Wehrhafte Demokratie
Die Instrumente des Parteiverbots und der Grundrechtsverwirkung
Die Rede von der „wehrhaften Demokratie“ bezog sich ursprünglich auf die militärische Wehrhaftigkeit nach außen. Das änderte sich mit Karl Loewensteins Überlegungen zur „Militant Democracy“ (1937)“, in denen es um die notwendige Wehrhaftigkeit der Demokratie nach innen ging, gegen den Faschismus, der ihr den Krieg erklärt hatte. In dem seither vorherrschenden innengerichteten Sinn gilt das Prinzip der wehrhaften oder, weniger prägnant, der streitbaren Demokratie heute in Deutschland als Verfassungsprinzip.

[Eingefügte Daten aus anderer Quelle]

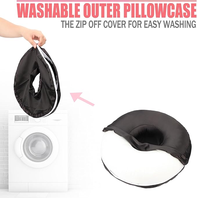Satin Ear Piercing Pillow Removable Cover Luxury Cnh Pillow with Ear Holes for Ear Pain Side Sleepers Washable Large Donut Pillows Head Neck Support Black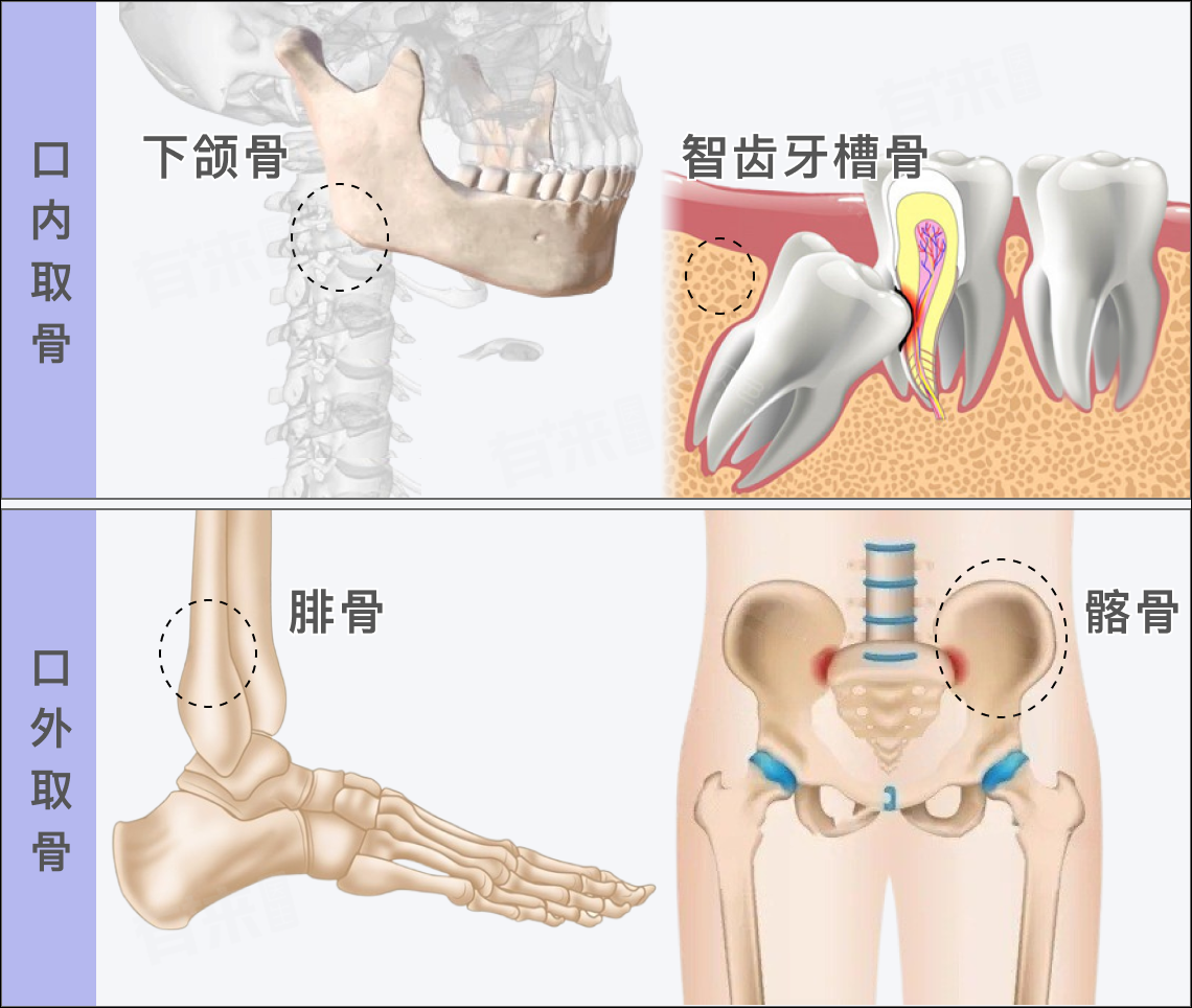 种植牙自体骨取骨可分为口内取骨和口外取骨,前者常取于下颌骨、智齿牙槽骨,后者常选择腓骨和髂骨部位,这些部位的选择主要基于骨质缺失的情况、手术便利性以及患者的整体健康状况。

Es soll, so das Bundesverfassungsgericht, „gewährleisten“, dass „Verfassungsfeinde nicht unter Berufung auf die Freiheiten, die das Grundgesetz gewährt, und unter ihrem Schutz die Verfassungsordnung oder den Bestand des Staates gefährden, beeinträchtigen oder zerstören“ (s. hier, Rn. 418). Als Ausdruck dieses Prinzips betrachtet das Gericht vor allem die grundgesetzlichen Vorschriften zum Verbot verfassungsfeindlicher Vereine (Art. 9 Abs. 2 GG) und Parteien (Art. 21 Abs. 2 GG) und zur Verwirkung von Grundrechten (Art. 18 GG), aber auch noch eine Reihe weiterer Institutionen (näher hier, Rn. 418; s. auch, zur Möglichkeit des Vereinsverbots als Ausdruck wehrhafter Demokratie, hier, Rn. 101, zur Möglichkeit geheimdienstlichen Verfassungsschutzes hier, Rn. 150, zur beamtenrechtlichen Treuepflicht hier, Rn. 39). Zum Arsenal der wehrhaften Demokratie gehört auch die 2017 – nach dem Urteil des Bundesverfassungsgerichts, mit dem zum zweiten Mal ein Verbotsantrag gegen die NPD scheiterte – in das Grundgesetz aufgenommen Möglichkeit, zum Schutz der freiheitlichen demokratischen Grundordnung eine Partei von staatlicher Finanzierung auszuschließen (Art. 21 Abs. 3 GG).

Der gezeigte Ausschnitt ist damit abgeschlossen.